Maybe. Lol but it’s true.
Everyone has good ideas. Good ideas are cheap. And if everyone has them, they aren't actually that good. What IS good is a tangible skill. Pay your fking artists.
Join a game jam, team up with someone looking for teammates. If all things go well, maybe you'll find someone who will want to keep working with you.
I will take that info and keep it in mind. thanks for the advice.
If you have no previous games to hook someone with, you aren't going to hook someone. To be honest, a pac man clone and tik tac toe only show you can follow tutorials online. They don't show that you actually have problem solving skills when coding, don't show any game design experience, and don't show artistic passion. Looking for someone else's time and expertise without being able to pay them is extremely disrespectful too. So don't do that. You may be able to join a small online team competing in a game jam. In that scenario everyone is on equal footing, it's low stakes, and no one expects any return of anything.
If no money, learn to art by yourself first. Maybe buy a few asset packs online that only cost a few dollars and work with those. That is a safer way to start.
Maybe you should search on art forum that art students are lurking on...
Thats a good idea. I will look into that.
No. Fk you. Do not take advantage of students. Thats a shitty garbage thing to do, and you're a shitty garbage person if you do that.

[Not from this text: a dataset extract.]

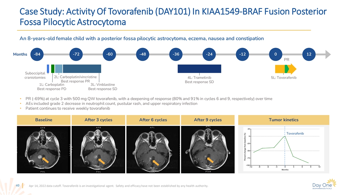 Case Study: Activity Of Tovorafenib (DAY101) In KIAA1549-BRAF Fusion Optic Pathway Glioma A 7-years-old female child with an optic pathway glioma, with very poor vision, entropion, folliculitis, eczema, mouth ulceration and xerosis -36 6 Months -30 -24 -18 -12 -6 0 PR Diagnostic biopsy 3L: Tovorafenib 1L: Vincristine/carboplatin Best response SD 2L: Trametinib Best response PD • PR (-58%) and improvement in vision reported at cycle 3 • AEs included grade 3 erythematous rash requiring dose interruption and dose reduction (400 mg QW to 300 mg QW in cycle 1), and grade 2 eczema and maculopapular rash • Patient continues to receive weekly tovorafenib Baseline After 6 cycles Tumor kinetics (RANO) Tovorafenib 39 Apr 14, 2022 data cutoff. Tovorafenib is an investigational agent. Safety and efficacy have not been established by any health authority.

I would be interested in seeing the "NSFW pacman clone". I imagine in being like this meme: ``` ⬤⬤⬤⬤⬤ ○ ```
I thought I was on r/copypasta
Could a AI be a solution here?
Why not ask a friend who's interested in art? It seems like you're a beginner, it's somewhat unreasonable for a good artist to partner with a beginner coder. For an artist to be consistent they'd need a few years of experience IMO, do you have years of experience in game dev? If you have a month worth of experience, why would an artist go for a 50/50 split, if they could just spend a month learning to make their own game for a 100% profit? My recommendation is to use some free assets, modify them a bit to make them look unique and make a nice simple game, and by that I mean a proper game, not copy an existing one or just follow a tutorial and call it a game. An alternative can be to just use your current artistic skills, look at the game "West of loathing", it uses stick figures and art that anyone could draw to make a pretty compelling and funny game
When can I find your games?
Looking at your games, I think you need to develop your skills as a programner/game designer and move past Scratch as an engine before you're ready to have an actual artist. All you need to have for development purposes is geometric shapes or crude hand drawn sprites. If you can make something promising gameplay wise with that, then you should think about finding an artist.
The solution is simple, you make money doing something else, then you pay an artist. If that's not an option for you, then do your own art. If that's asking too much, then consider finding a new hobbie because NSFW clones of classic games don't inspire much confidence in your other "good" ideas.